Pressure in shock compression
For people familiar with static compression techniques, equation of state is often expressed as f (P, V, T) = 0. This equation helps understand how these properties interact under different conditions, such as the Burch-Murnaghan equation of state (2nd or 3rd, commonly used for solids) . However, in the shock compression community, instead of volume and pressure, they use shock wave velocity (Us) and particle velocity (Up) to characterize the state of materials. This can seem different, but it's just another way to describe how materials behave under high-pressure conditions caused by shock waves.

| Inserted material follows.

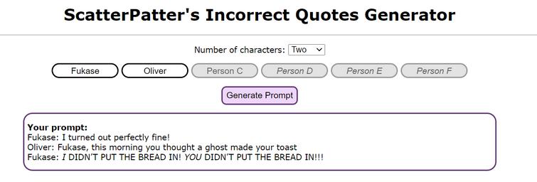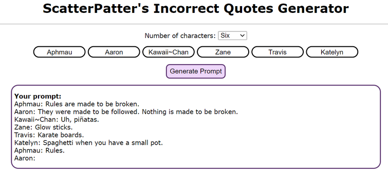 Scatterpatter\'S Incorrect Quotes Generator / Zoey Potts Scatterpatter S Incorrect Quotes Generator I Had A Little Fun With That Incorrect Quotes Generator Call The Inquisitor Idgaf Grimdank : This turns out to be wrong.. Generate a scatter plot online from a set of x,y data. If you need inspiration or simply lack time, choose the. Incorrect quotes characters i was inspired recently by one of my friends to find incorrect quotes using scatterpatter's generator (warning: In the future i plan to implement a feature to filter out prompts that involve shipping, but until then i apologize if any. This generator is not meant to imply any adult/minor, abusive, incestuous, or otherwise problematic ships.

Why (Us, Up) can represent a state of material?
When a material is subjected to a shock (a wave traveling faster than sound speed in that material), the collection of possible states of the material (P, V or ρ, T) lies on the Hugoniot line. One shock in the lab corresponds to one point on the line. In these experiments, two velocities are commonly measured, Us and Up. Pressure can be expressed as ρ₀×Us×Up. The determination volume and temperature in shock compression requires additional assumptions (Grüneisen's assumption + heat capacity of material).
Why P = ρ₀×Us×Up ?
Assuming conversation of momentum, we have F t = m(v-v₀), where m is the mass of material that the shock wave has traveled through in time t. m can be expressed as ρ₀× V.
Dividing both sides by the cross-sectional area S, we have P t = ρ₀× L × (v-v₀), where L represents the length that the shock wave traveled in time t.
In typical senarios where v₀ = 0, and note that L/t = Us and v=Up (the velocity this part of material has been accelerated to), we can simply to P=ρ₀×Us×Up.